Content starts
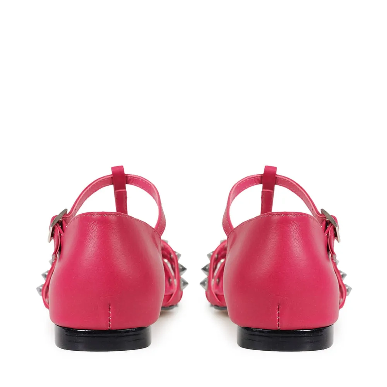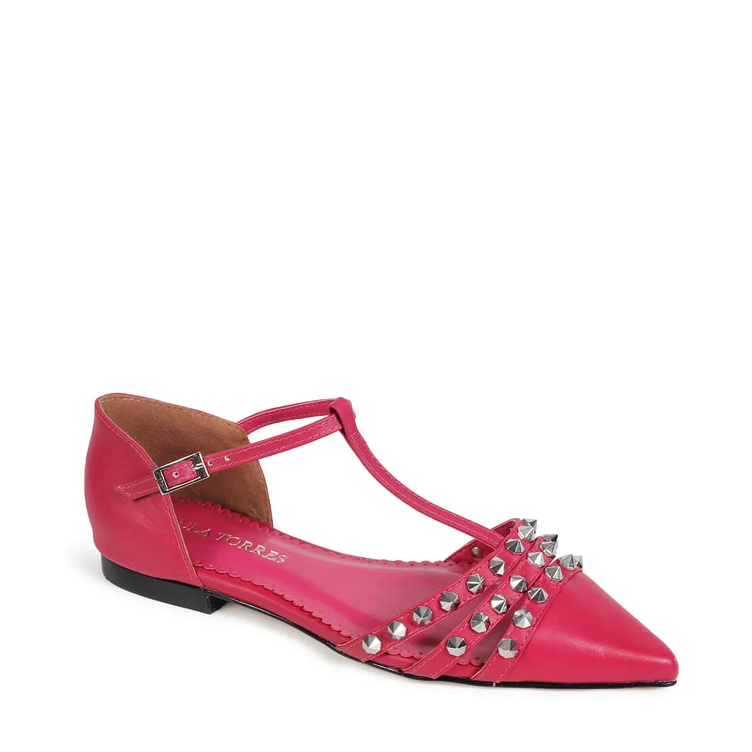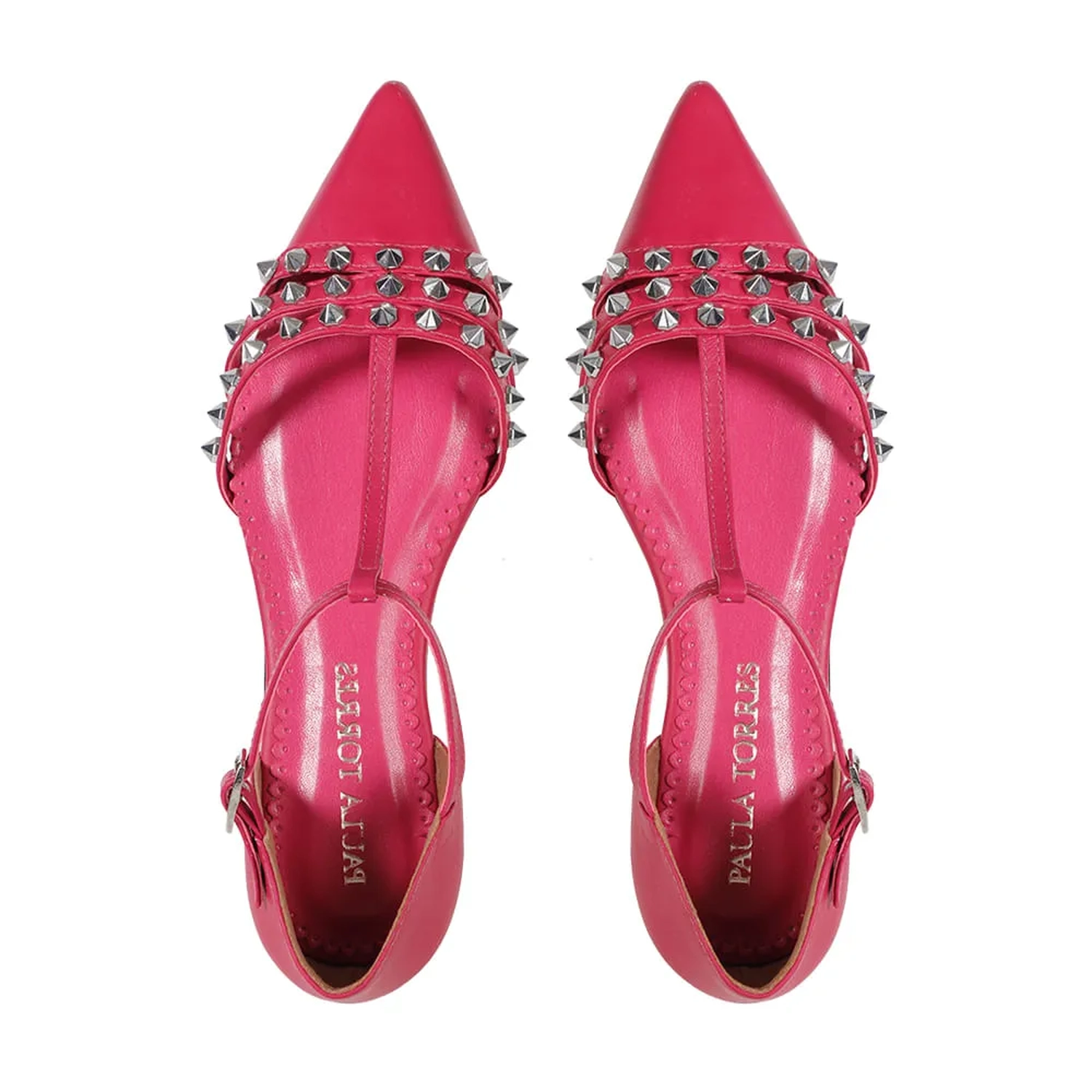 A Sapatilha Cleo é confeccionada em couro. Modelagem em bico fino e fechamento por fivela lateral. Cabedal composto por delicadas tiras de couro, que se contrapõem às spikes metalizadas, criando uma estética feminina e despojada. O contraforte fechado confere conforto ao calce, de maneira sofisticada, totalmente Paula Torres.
Content ends
Content starts
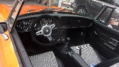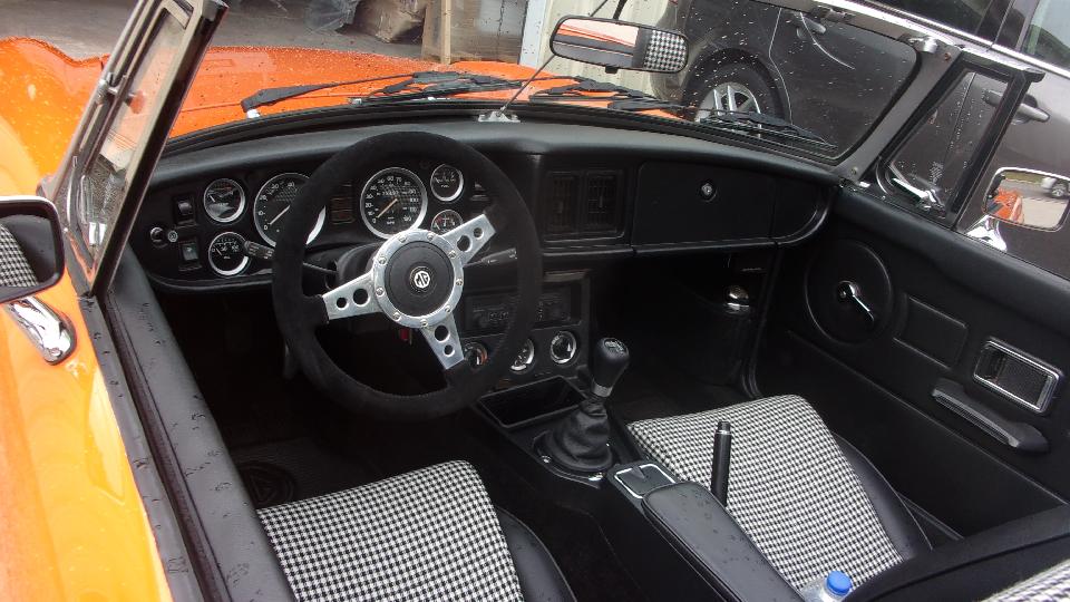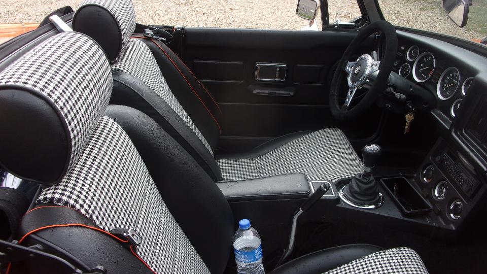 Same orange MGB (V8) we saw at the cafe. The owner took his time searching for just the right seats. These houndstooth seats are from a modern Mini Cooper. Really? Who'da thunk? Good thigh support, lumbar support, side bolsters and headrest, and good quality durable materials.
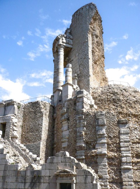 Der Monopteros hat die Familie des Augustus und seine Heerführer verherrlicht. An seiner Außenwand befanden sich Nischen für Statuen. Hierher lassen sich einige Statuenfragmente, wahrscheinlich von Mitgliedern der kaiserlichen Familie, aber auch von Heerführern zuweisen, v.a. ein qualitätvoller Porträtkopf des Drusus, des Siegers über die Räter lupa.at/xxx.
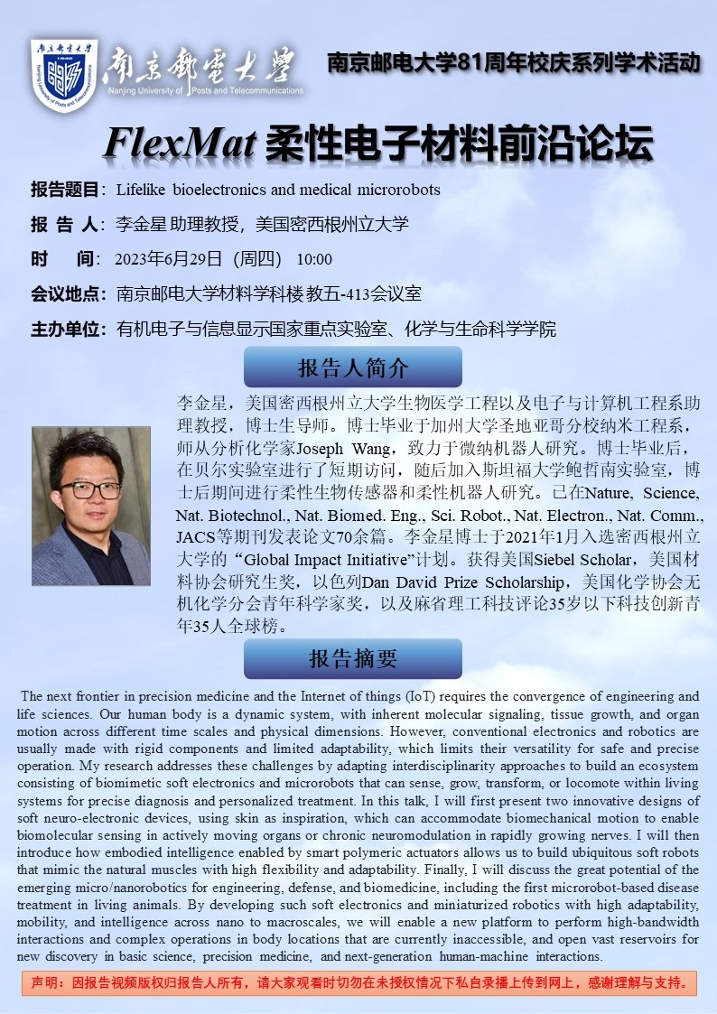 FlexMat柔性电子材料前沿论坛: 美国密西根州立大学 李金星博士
Content ends
**What to produce**
Give again the stretch of lines above from the one with "Der Monopteros hat" through the one with "FlexMat柔性电子材料前沿论坛: 美国密西根州立大学 李金星博士", both ends kept, and copy no pictures.

**Task result**
 Der Monopteros hat die Familie des Augustus und seine Heerführer verherrlicht. An seiner Außenwand befanden sich Nischen für Statuen. Hierher lassen sich einige Statuenfragmente, wahrscheinlich von Mitgliedern der kaiserlichen Familie, aber auch von Heerführern zuweisen, v.a. ein qualitätvoller Porträtkopf des Drusus, des Siegers über die Räter lupa.at/xxx.
 FlexMat柔性电子材料前沿论坛: 美国密西根州立大学 李金星博士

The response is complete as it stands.